======== TASK INPUTS
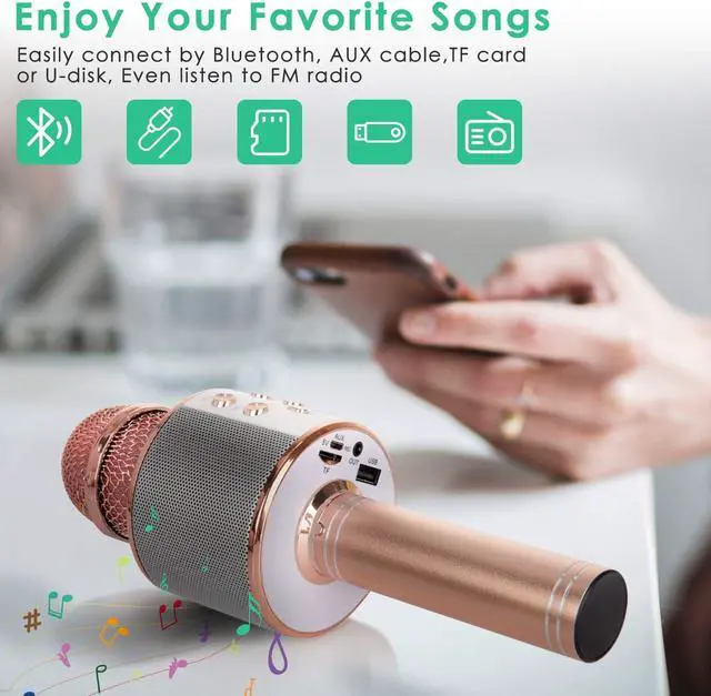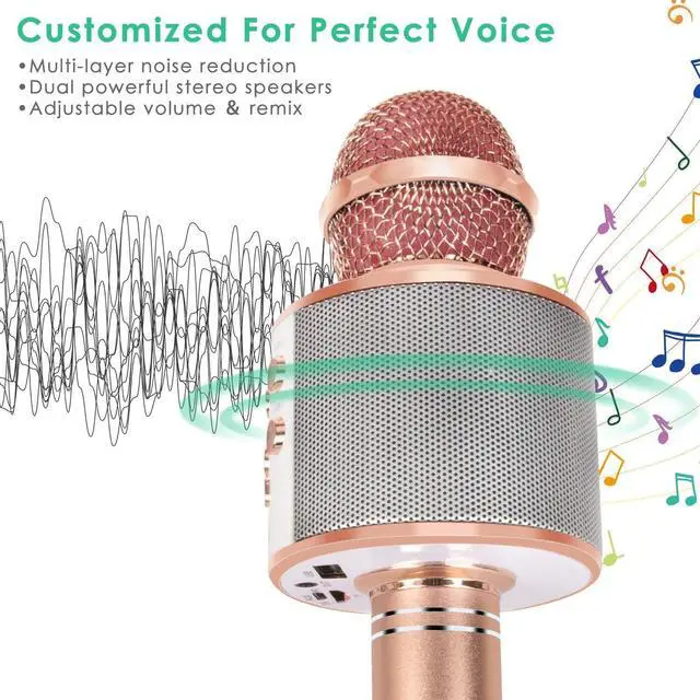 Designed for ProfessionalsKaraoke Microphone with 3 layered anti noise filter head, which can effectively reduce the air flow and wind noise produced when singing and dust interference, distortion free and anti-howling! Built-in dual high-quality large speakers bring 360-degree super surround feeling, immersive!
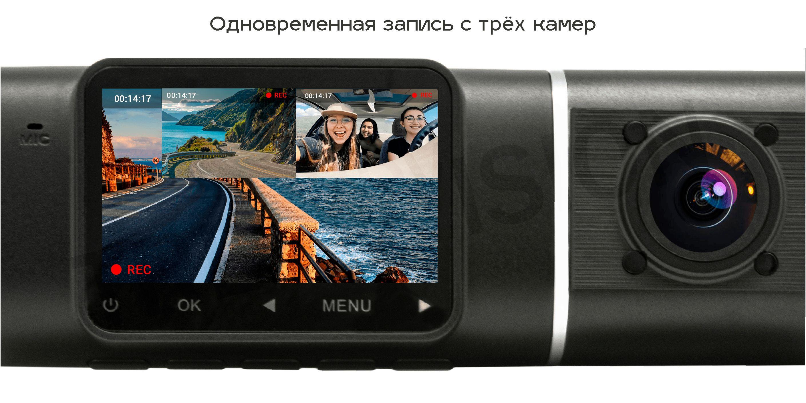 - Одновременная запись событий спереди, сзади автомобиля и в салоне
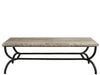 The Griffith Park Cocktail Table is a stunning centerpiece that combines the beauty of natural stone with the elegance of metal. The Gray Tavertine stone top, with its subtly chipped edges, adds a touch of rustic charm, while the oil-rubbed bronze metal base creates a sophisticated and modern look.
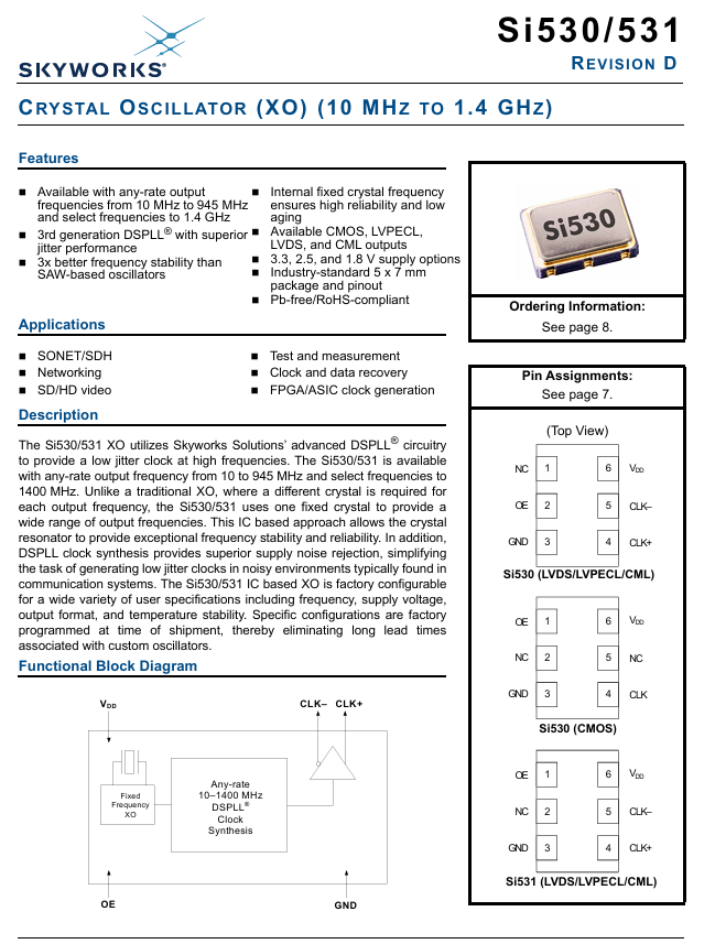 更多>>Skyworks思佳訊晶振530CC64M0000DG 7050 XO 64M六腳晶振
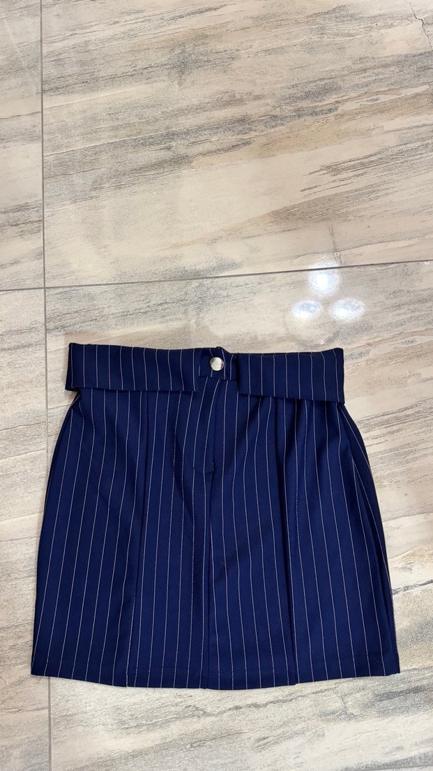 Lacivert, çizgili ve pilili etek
================
======== TASK INPUTS
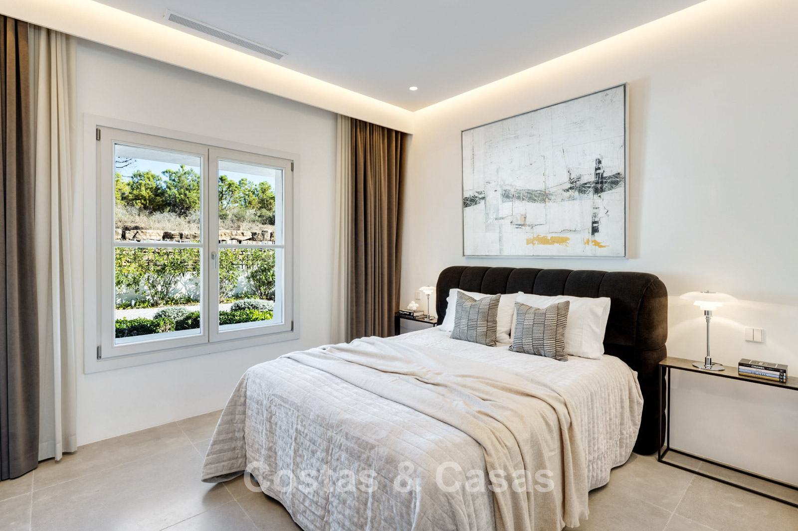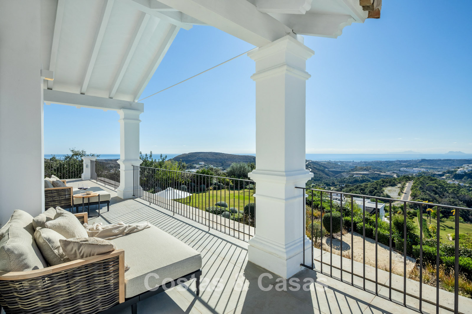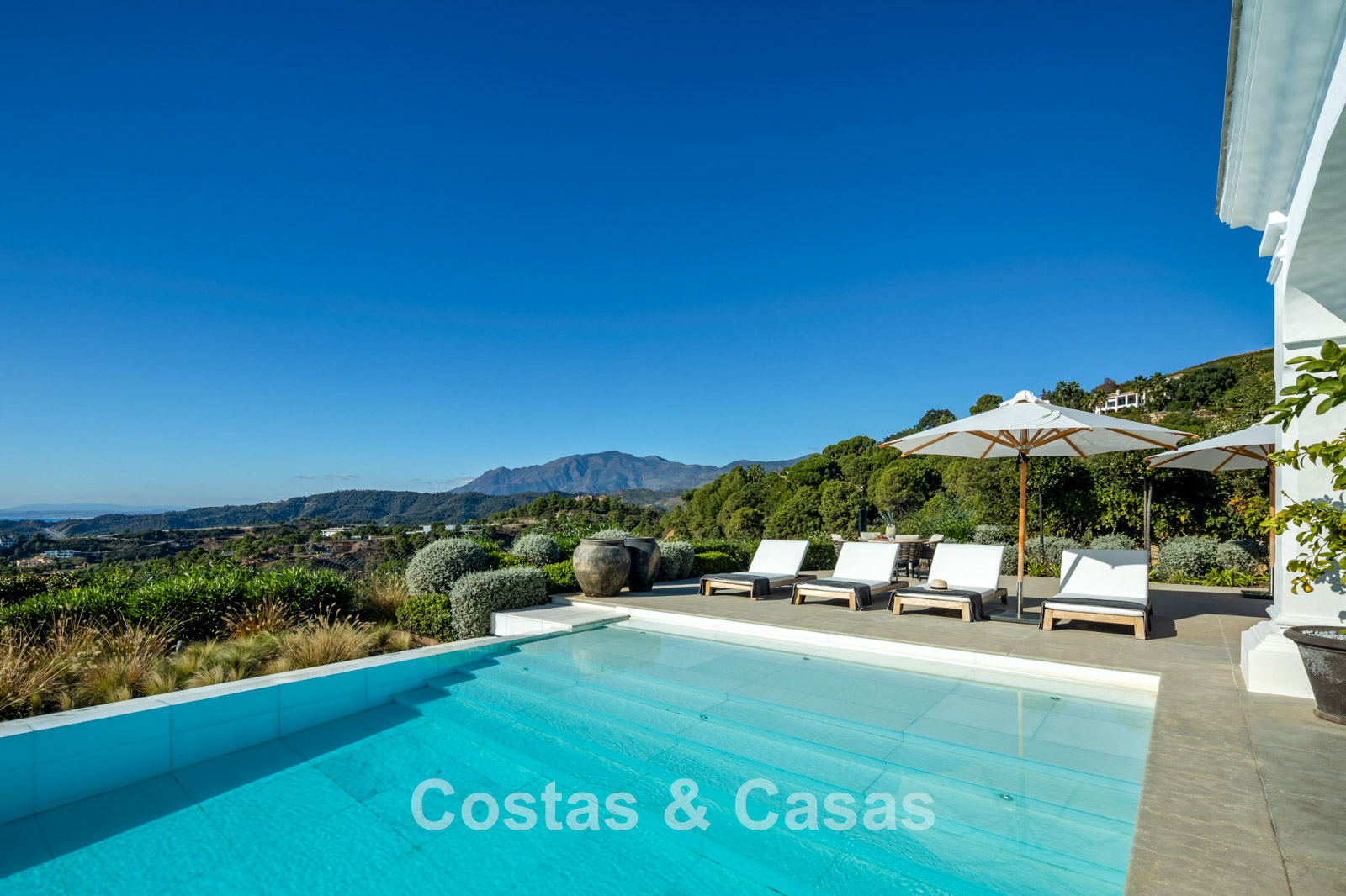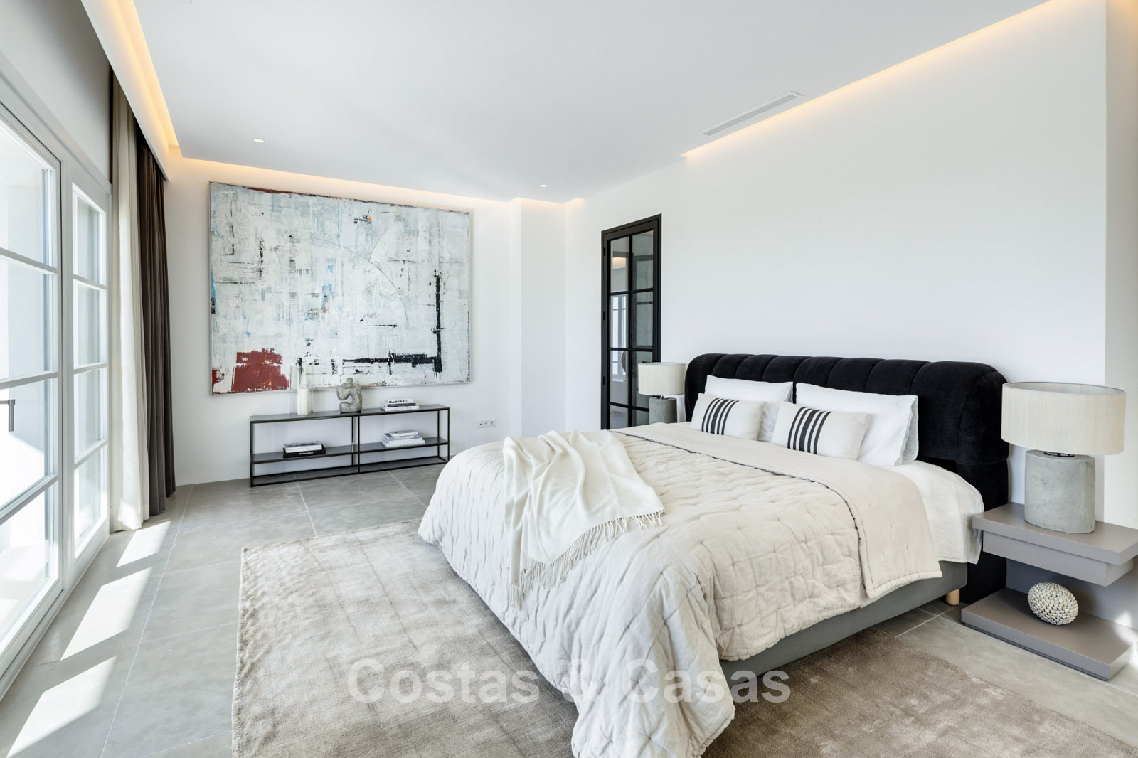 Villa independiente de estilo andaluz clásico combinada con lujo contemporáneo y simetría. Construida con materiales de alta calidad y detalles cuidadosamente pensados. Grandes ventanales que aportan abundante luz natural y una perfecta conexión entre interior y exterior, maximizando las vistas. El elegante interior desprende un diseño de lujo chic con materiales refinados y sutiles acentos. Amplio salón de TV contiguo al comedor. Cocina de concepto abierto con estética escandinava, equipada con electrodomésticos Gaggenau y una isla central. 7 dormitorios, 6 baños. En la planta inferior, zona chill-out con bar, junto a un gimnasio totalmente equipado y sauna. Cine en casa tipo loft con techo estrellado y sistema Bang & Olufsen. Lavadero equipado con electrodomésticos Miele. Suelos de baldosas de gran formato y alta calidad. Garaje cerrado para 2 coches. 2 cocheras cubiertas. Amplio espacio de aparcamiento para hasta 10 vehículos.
================
- **WORK TASK**
Reproduce the lines above starting at the one with "The Griffith Park" and ending at the one with "Lacivert, çizgili ve pilili etek", both included, exactly and with no pictures.

- **RESULT FOR THIS EXERCISE**
 The Griffith Park Cocktail Table is a stunning centerpiece that combines the beauty of natural stone with the elegance of metal. The Gray Tavertine stone top, with its subtly chipped edges, adds a touch of rustic charm, while the oil-rubbed bronze metal base creates a sophisticated and modern look.
 更多>>Skyworks思佳訊晶振530CC64M0000DG 7050 XO 64M六腳晶振
 Lacivert, çizgili ve pilili etek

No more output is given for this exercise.